In a new paper published in the journal Brain and Cognition*, researchers Akira O'Connor and Chris Moulin relate how mundane experiences -- undoing a jacket zip while hearing a particular piece of music; hearing a snatch of conversation while holding a plate in the school dining hall -- were examples of how deja experiences were triggered in the blind subject.

"It is the first time this has been reported in scientific literature," said O'Connor. "It's useful because it provides a concrete case study which contradicts the theory of optical pathway delay. Eventually we would like to talk to more blind people, though there's no reason to believe this man's experiences are abnormal or different to those of others.

"Optical pathway delay is a quite antiquated theory, but still widely believed -- and was the basis for the déjà vu sequences in Joseph Heller's novel Catch-22. But this provides strong evidence that optical pathway delay is not the explanation for déjà vu. The findings are so obvious, so intuitive, that it's remarkable this research has never been done before."

O'Connor admits that to the person experiencing déjà vu, it feels almost inexplicable. "And because it feels so subjective, psychology, in striving for objectivity, has tended to shy away from it. But psychologists have gone some way to illuminating things like the 'tip of my tongue' sensation when you can't think of a particular word. We just wanted to get to the same sort of understanding for déjà vu."

O'Connor's thesis, due to be completed next year, examines the experimental induction of déjà vu through hypnosis. "We now believe that deja experiences are caused when an area of the brain that deals with familiarity gets disrupted," he said.

In one experiment, students are asked to remember words, then hypnotised to make them forget -- and then shown the same word again to induce a feeling that they have seen it before. Around half said this brought on a sensation similar to déjà vu -- half of whom said it was definitely déjà vu.

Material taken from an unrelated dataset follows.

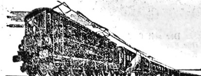
DAS BÜTE HOTEL IN BAHNHOF-WÄHE!

Zeichnungen werden spesenfrei entgegengenommen von sämtlichen Niederlassungen der Banken, die diesen Prospekt unterzeichnet haben. 241

O'Connor would like to take the research further: "It would be really neat to do some neuro-imaging on people during genuine spontaneous déjà vu experiences -- but it's very difficult to get them to have them on demand..."

Akira R O'Connor, Christopher J A Moulin, 'Normal patterns of deja experience in a healthy, blind male: Challenging optical pathway delay theory'; Brain and Cognition, December 2006.


----------